Undersea pipelines are now a proven technical option in shallow waters: two parallel 1,224 km long lines of the Nord Stream project built between 2010 and 2012 between Russia and Germany (from Vyborg, just north of Sankt Petersburg to Lubmin near Greifswald in Mecklenburg-Vorpommern) to transport 55 Gm3/year were laid deliberately in the Baltic seabed in order to avoid crossing Ukraine or Belarus before reaching the EU (Nord Stream, 2014). Crossing deep seas is another matter: low energy density of natural gas precludes any possibility of shipborne exports at atmospheric pressure, and the only economic option for intercontinental shipments is to liquefy the gas and carry it in insulated containers on purpose-built tankers; this technique, still much more expensive than pipeline transportation, will be appraised in detail in Chapter 5. Methane’s low energy density is also a disadvantage when using the fuel in road vehicles, and once again, the only way to make these uses economical is by compression or liquefaction of the gas (for details, see Chapter 7).
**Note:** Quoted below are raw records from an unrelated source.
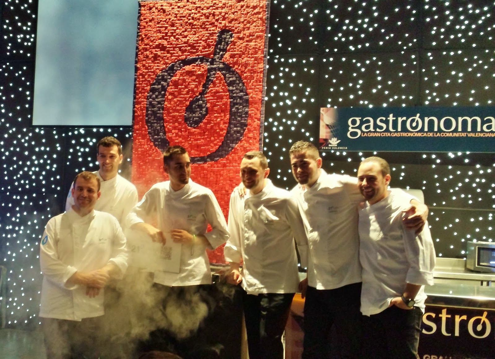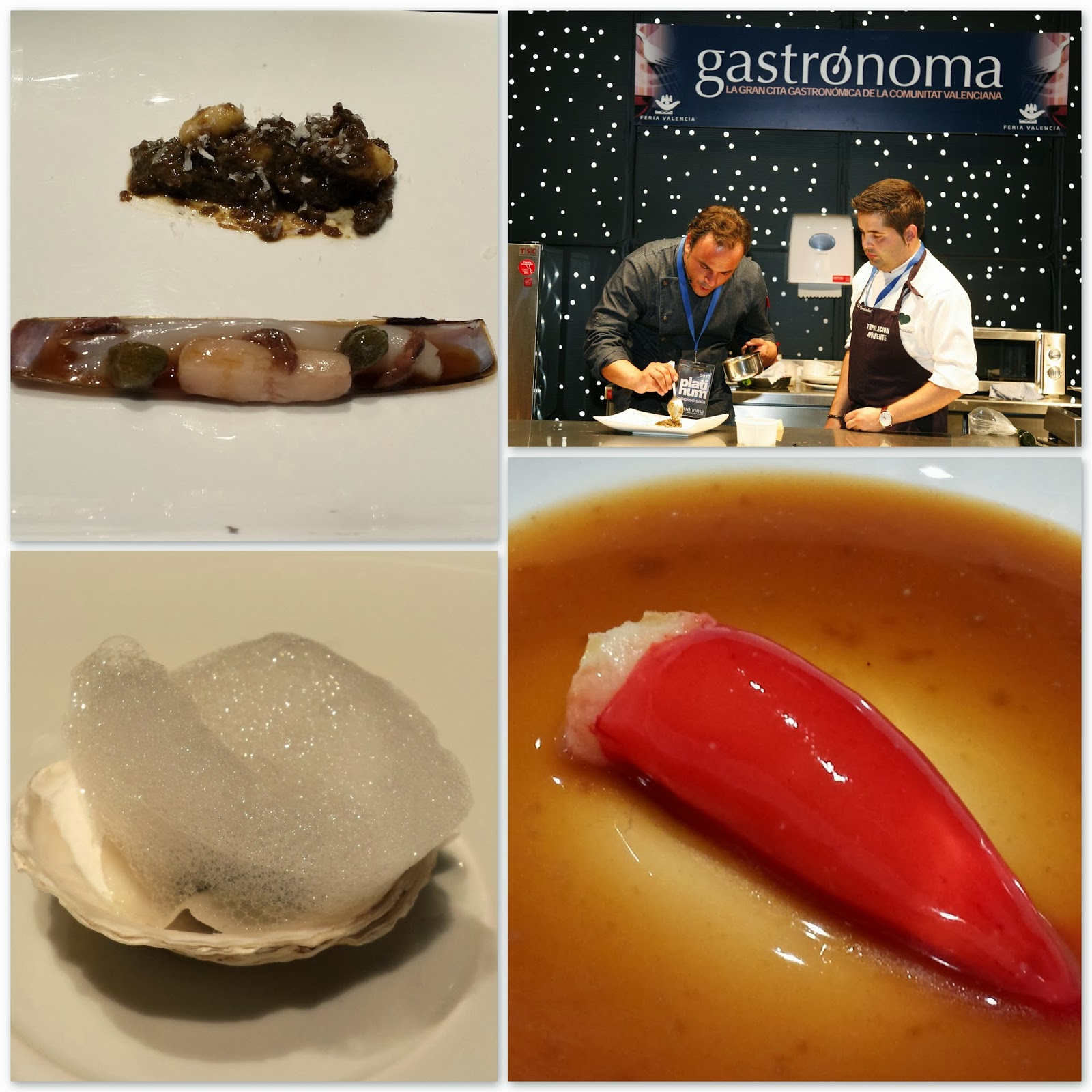 Otras ponencias que han mantenido abarrotada la Plaza Activa a lo largo de la jornada han sido las de Víctor Gutiérrez (del restaurante homónimo en Salamanca, con una estrella Michelin), Luis Arrufat ( Casino Antiguo , Castellón), Raúl Aleixandre (ex Ca Sento, Valencia) o el colectivo 21° Brix , con seis primeras figuras de la repostería catalana y española que han homenajeado a Gastrónoma con un mosaico de más de 3 mil nubes dulces reproduciendo la “Ó” del logo del certamen. Uno de ellos, Rubén Álvarez , ha presentado en una ponencia propia su nuevo proyecto empresarial en torno a la gastronomía dulce: 33/35 Studio.
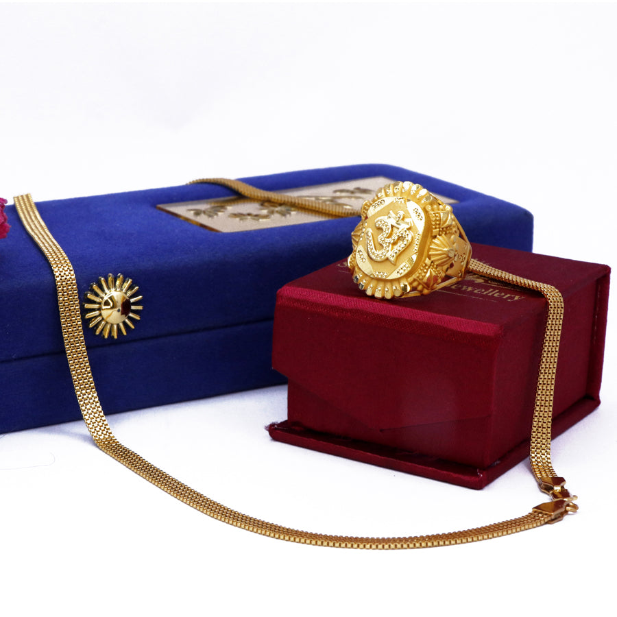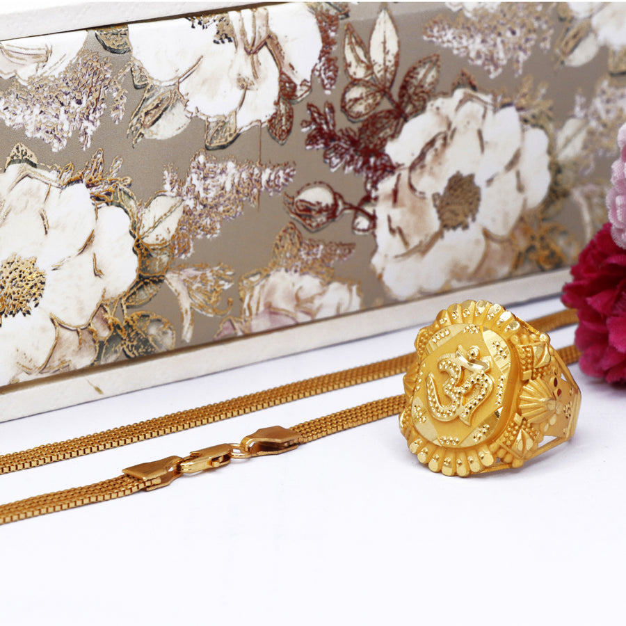 Elevate your style with this expertly crafted men's combo set featuring a gold-colored chain and matching ring. Designed for durability and subtle sophistication, this duo complements any outfit, adding a refined touch to your everyday or special occasion look. The gold hue offers timeless appeal, making it a versatile accessory that enhances your personal style with confidence.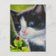 Tuxedo Kitten & Ladybug Watercolor Art Vykort

Low energy density would be a challenge if the only storage option would be as uncompressed gas in aboveground tanks: even a giant tank with 100 m in diameter and 100 m tall (containing about 785,000 m3 or
roughly 28 TJ) would store gas for heating only 500 homes during a typical midcontinental Canadian winter. Obviously, volumes of accessible stores must be many orders of magnitude higher, high enough to carry large midlatitude cities through long winters. The easiest, and the most common, choice is to store the fuel by injecting it into depleted natural gas reservoirs; other options are storage in aquifers (in porous, permeable rocks) and (on a much smaller scale but with almost perfect sealing) in salt caverns.
High combustion efficiency is the result of high temperatures achievable when burning the gas in large boilers and, better yet, in gas turbines. Gas turbines are now the single most efficient fuel convertors on the market and that high performance can be further boosted by combining them with steam turbines. When exiting a gas turbine, the exhaust has temperature of 480–600°C, and it can be used to vaporize water, and the resulting steam runs an attached steam turbine (Kehlhofer, Rukes, and Hannemann, 2009). Such combined cycle generation (CCG, or combined cycle power plants, CCPP) can achieve overall efficiency of about 60%, the rate unsurpassed by any other mode of fuel combustion (Figure 1.2). And modern natural gas-fired furnaces used to heat North America’s houses leave almost no room for improvement as they convert 95–97% of incoming gas to heat that is forced by a fan through ducting and floor registers into rooms.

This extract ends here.